Он поднялся с кресла и сделал несколько бесцельных шагов по комнате. Он слушал свои желания. Сколько он себя помнил, его желания всегда были смутными, неопределенными, нечеткими. Только к восемнадцати годам он научился придавать их бесформенности очертания, формулировать их. К двадцати пяти годам он научился объяснять себе свои странные для обыкновенных людей прихоти, которые в действительности являлись насущными потребностями. К тридцати пяти он уже мог вызывать в себе искусственные желания, хотя бы отчасти заглушавшие то, что он называл голодом.
Этот голод преследовал его с младенчества. Смертельный голод. Не утоляя его, он мог умереть. И это было его единственное настоящее желание – умереть. Желание его тела и ума. Но что-то в нем, внутри, противилось этому, заставляло его насыщаться. Много ему не требовалось – он получал все, что нужно, выжигая небольшой кусок пространства. Из маленького фрагмента реальности исчезало нечто, обычно то, что доставляло Морлу неудобства. Он не вдавался в подробности. Просто знал: вещи, причиняющие беспокойство, умирая, дают ему жизнь.
После того как он стал тем, кто он сейчас, голод усилился в десятки раз. Маленькими фрагментами реальности его было уже не утолить. Весь мир должен был стать кормушкой для Морла. И мир стал ею.
Но мир не бездонен. Когда-нибудь он истощится. Тогда наконец придет желанная смерть. Небытие. Очевидно, это случится скоро. Можно даже ускорить конец. Досрочно опустошить кормушку.
Морл насыщался раз в месяц – выжигая очень большой кусок пространства, именуемый планетой Земля. Он не вдавался в подробности. Навсегда из мира уходило, умирая, то, что никогда его не интересовало. Лишнее, ненужное, доставляющее неудобства, суетное, тревожащее. Все то, что некогда обозначалось громкими, слишком тяжелыми, невозможно пафосными словами. «Любовь», «долг», «верность», «величие», «честь». «Государство», «патриотизм», «родина», «культура». Разве эти слова имеют какой-нибудь смысл? Они лишь раздражают. От них болит голова.
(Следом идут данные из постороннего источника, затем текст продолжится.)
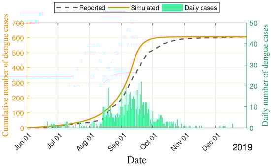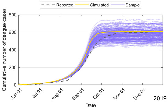 Further, the curves for the cumulative number and daily number of dengue cases are shown in Figure 5. The main parameters with setting (IV) are collected without the fluctuations for the 2019 dengue outbreak. Since the number of infective human beings during the 2019 dengue outbreak was relatively small compared to the number of susceptible human beings, the changes in susceptible human beings introduce the randomness of human–mosquito contacts and the randomness of human behaviors. It is reasonable to incorporate the randomness into the 2019 dengue outbreak. Therefore, the effects of fluctuations of dengue were studied by setting , , , , in Figure 6. The main findings indicate that the yellow curve is the mean of model (3) and the purple curves are the deviation to model (3) for 200 sample paths. Further, model (3) is valuable for the dynamic prediction of dengue.

Но голод становится невыносим. Раз в месяц – уже мало. Чаще – невозможно. Он сам когда-то установил правила своего мира. Чтобы нарушать правила, хоть свои, хоть чужие, нужно быть сытым и сильным. А он голоден и слаб. Он устал. Уж лучше так, как-нибудь… Кроме того, голод можно приглушить. Есть вещи, созерцая которые, забываешь о голоде.
Морл созерцал руками. Его пальцы играли роль вкусовых рецепторов. Прикасаясь к таким вещам, он чувствовал их жизнь и забирал несколько капель этой жизни себе. Голод ненадолго отступал. Одной из этих вещей было старинное электронное пианино. Когда Морла привезли в этот дом, оно уже стояло здесь. Наверное, оно стояло здесь всегда. Родилось вместе с домом. Но слепой впервые подошел к нему лишь три года назад. Как ни странно, инструмент был в полном порядке.
И сейчас, в ожидании другой вещи, обещанной Камилом, он поднял крышку пианино и положил трепещущие от предвкушения пальцы на клавиши. Он не умел играть. В инструменте были заложены программы обучения, но он не использовал их. Ему не нужно было уметь играть, извлекать из этой вещи стройное благозвучие. Жизнь инструмента легко вытекала из него вместе с теми корявыми импровизированными мелодиями, тихими, робкими, запинающимися, что создавались на ощупь пальцами слепого. Он наслаждался и тем, и другим – и произвольным набором напевных звуков, и ласканием гладких, прохладных, податливых клавиш. Только очень опытное женское тело, или, напротив, очень неопытное, может дать подобные ощущения.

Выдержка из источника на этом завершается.